Task instructions =
A faithful copy of the listing below is needed, one that contains no pictures.

Raw data =
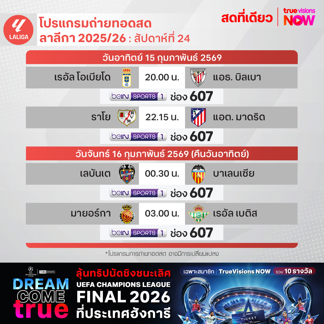 วันนี้มีอะไรดูที่ ทรูวิชั่นส์ ประจำวันอาทิตย์ที่ 15 กุมภาพันธ์ 69 ยังคงมีกีฬาที่น่าสนใจให้ได้ตามลุ้นตามเชียร์กันเหมือนเดิม โดยในส่วนของฟุตบอลยังมีศึก ลา ลีกา สเปน, บุนเดสลีกา เยอรมนี, กัลโช่ เซเรีย อา อิตาลี และ สกอตติช พรีเมียร์ชิพ ให้ได้ตามเชียร์กันต่อ ส่วนกีฬาอื่นๆ ยังมีการแข่งขันโอลิมปิกฤดูหนาว 2026, เทนนิสหญิง ดับเบิ้ลยูทีเอ ทัวร์ รายการ ดูไบ แชมเปี้ยนชิพส์, ลิฟ กอล์ฟ แอดิเลด, แบดมินตัน ทีมชายและทีมหญิง ชิงแชมป์ยุโรป, แบดมินตัน แบด เว็บ ไทยแลนด์ จูเนียร์ ทัวร์นาเมนท์, รักบี้ ซิกซ์ เนชั่นส์, มวยไทย ดิ อัลติเมท มวยไทย เอ็กซ์พีเรียนซ์, วอลเลย์บอล วี-ลีก และ วอลเลย์บอล ไทยแลนด์ ลีก งานนี้ ทรูวิชั่นส์ จัดเต็มให้ชมกันถึงบ้าน
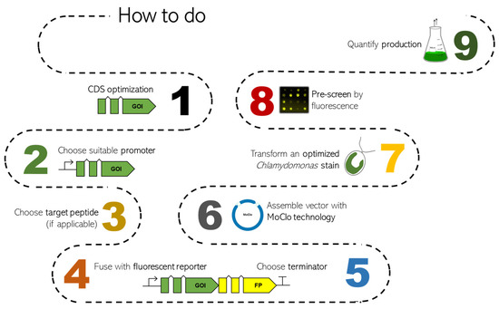 The recently developed online web tool Intronserter (https://bibiserv.cebitec.uni-bielefeld.de/intronserter (accessed on 14 July 2023)) allows the convenient redesign of any target sequence [71] and will help to establish C. reinhardtii as a green cell factory.
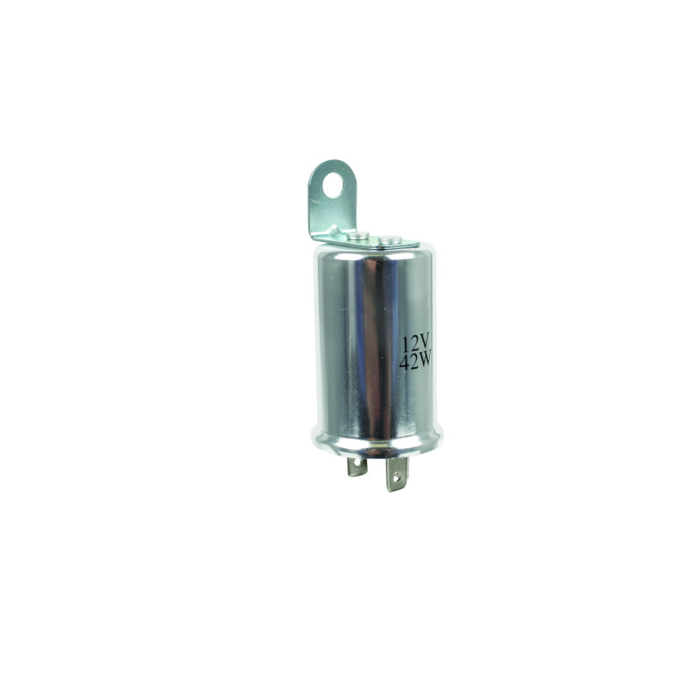 Modern version of early type of Lucas FL5 Flasher Unit with Lucar connectors, 35010 SFB100. Maximum load 42 watts.

Answer box =
 วันนี้มีอะไรดูที่ ทรูวิชั่นส์ ประจำวันอาทิตย์ที่ 15 กุมภาพันธ์ 69 ยังคงมีกีฬาที่น่าสนใจให้ได้ตามลุ้นตามเชียร์กันเหมือนเดิม โดยในส่วนของฟุตบอลยังมีศึก ลา ลีกา สเปน, บุนเดสลีกา เยอรมนี, กัลโช่ เซเรีย อา อิตาลี และ สกอตติช พรีเมียร์ชิพ ให้ได้ตามเชียร์กันต่อ ส่วนกีฬาอื่นๆ ยังมีการแข่งขันโอลิมปิกฤดูหนาว 2026, เทนนิสหญิง ดับเบิ้ลยูทีเอ ทัวร์ รายการ ดูไบ แชมเปี้ยนชิพส์, ลิฟ กอล์ฟ แอดิเลด, แบดมินตัน ทีมชายและทีมหญิง ชิงแชมป์ยุโรป, แบดมินตัน แบด เว็บ ไทยแลนด์ จูเนียร์ ทัวร์นาเมนท์, รักบี้ ซิกซ์ เนชั่นส์, มวยไทย ดิ อัลติเมท มวยไทย เอ็กซ์พีเรียนซ์, วอลเลย์บอล วี-ลีก และ วอลเลย์บอล ไทยแลนด์ ลีก งานนี้ ทรูวิชั่นส์ จัดเต็มให้ชมกันถึงบ้าน
 The recently developed online web tool Intronserter (https://bibiserv.cebitec.uni-bielefeld.de/intronserter (accessed on 14 July 2023)) allows the convenient redesign of any target sequence [71] and will help to establish C. reinhardtii as a green cell factory.
 Modern version of early type of Lucas FL5 Flasher Unit with Lucar connectors, 35010 SFB100. Maximum load 42 watts.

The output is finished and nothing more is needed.